The fragility index and Bayesian analysis suggest that medical evidence isn't nearly as robust as we thought. For example, clinical studies which are considered the bedrock of modern medicine (e.g. the NINDS trial) may actually be fragile and non-definitive. Smaller trials are often worse. It quickly becomes clear why medicine continues to suffer from reversals in practice.
This may be disconcerting. However, from the standpoint of any individual practitioner, it may not make a huge difference. We must address clinical scenarios with the best evidence available. Whether that evidence is perfect or imperfect, we don't have the luxury to wait for better evidence. In this context, it is often sensible to base therapy on treatments which are fragile or have borderline statistical significance.

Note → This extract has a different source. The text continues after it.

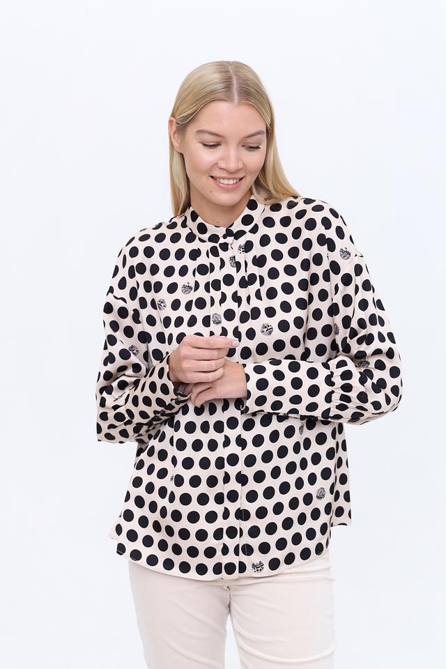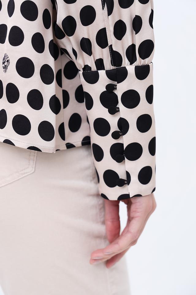 Блуза Marc Cain Collections цвета слоновой кости с чёрным горошком — стильная и элегантная модель с длинными рукавами и воротником-стойкой. Изготовлена из 100% вискозы, обеспечивающей комфорт и приятные ощущения при носке. Состав: вискоза 100%

The situation is reversed when considering evidence-based guidelines. Premature acceptance of an ineffective therapy into guidelines may have profoundly negative consequences. First, this discourages further research into the therapy, leading to inertia. Second, physicians and hospitals may feel obligated to adhere to this therapy which is suddenly considered the “standard of care.” Finally, future therapies may be tested in addition to, rather than in comparison to the ineffective therapy. Eventually this creates a complex treatment regimen resembling a house of cards.